Além da prisão do parlamentar, a Justiça expediu outros sete mandados de busca e apreensão, cumpridos simultaneamente nos municípios de Poxoréu, Primavera do Leste e Canarana, com apoio das delegacias da Regional de Primavera do Leste.

Segundo a Polícia Civil, durante o cumprimento das ordens judiciais, os investigadores buscam apreender documentos, aparelhos eletrônicos e outros materiais que possam contribuir para o esclarecimento do crime, identificar novos envolvidos e individualizar a participação de cada investigado.

Falsa suspeita

As investigações apontam que o homicídio foi ordenado por integrantes de uma facção criminosa que atua na região. A motivação seria a suspeita de que Lavignia repassava informações às forças de segurança.

Conforme a apuração, a mãe da jovem trabalhava na base da Polícia Militar de Poxoréu e, em algumas ocasiões, a vítima a auxiliava no local. Por frequentar a unidade policial, integrantes da organização criminosa passaram a acreditar, de forma equivocada, que ela atuava como informante.

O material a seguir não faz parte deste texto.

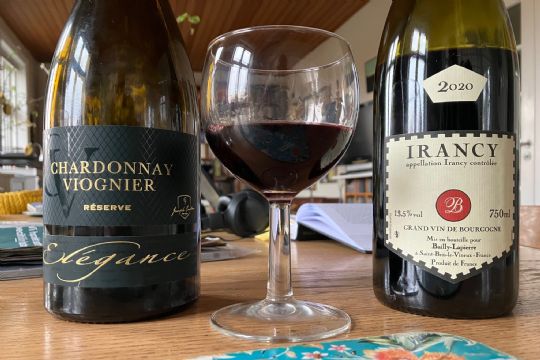 Vi købte et par flasker, se foto, og dem var vi godt tilfredse med. En hvidvin af de to druer Viognier og Chardonnay samt en Pinot Noir, begge i den lidt bedre ende.
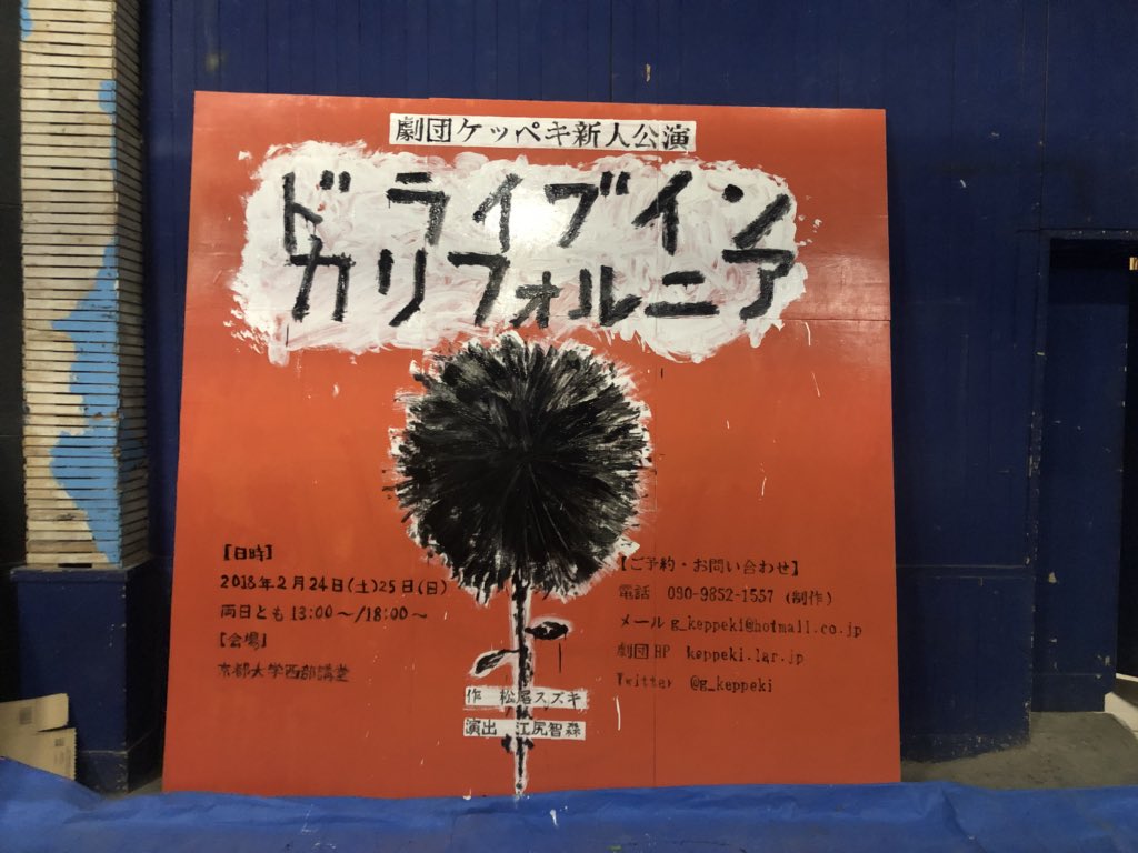 【新人公演は今週末!!】 劇団ケッペキ2017年度新人公演 『ドライブインカリフォルニア』 作:松尾スズキ 演出:江尻智森 ◇日時 2/24(土)・25(日) 両日 13:00〜 / 18:00〜 ◇会場 京都大学… https://t.co/yd9VFUnFz8

Na madrugada do crime, Lavignia havia acabado de chegar à casa noturna quando um homem armado invadiu o estabelecimento e efetuou diversos disparos. A jovem foi atingida na cabeça e em outras regiões vitais, morrendo ainda no local.

Esta é a segunda vez que o vereador é alvo da investigação. No dia 2 de junho, Túlio César já havia sido alvo de um mandado de busca e apreensão no âmbito do mesmo inquérito. Na ocasião, a Polícia Civil não informou qual seria a suspeita envolvendo o parlamentar, alegando que o sigilo era necessário para não comprometer as investigações.

O caso já havia resultado na prisão de um suspeito de 30 anos, conhecido como “Bin Laden”, localizado pela Polícia Militar em 11 de maio, escondido em uma residência no bairro Parque São Jorge, em Rondonópolis.

Outro investigado, José Geraldo da Silva, de 41 anos, apontado como integrante da facção criminosa e suspeito de atrair Lavignia para a emboscada, morreu em confronto com policiais militares no dia 12 de maio, em Poxoréu.

Batizada de Operação Elo Oculto, a ação faz referência às conexões investigadas entre os suspeitos, a execução da jovem e os acontecimentos posteriores ao homicídio. O inquérito policial segue sob sigilo.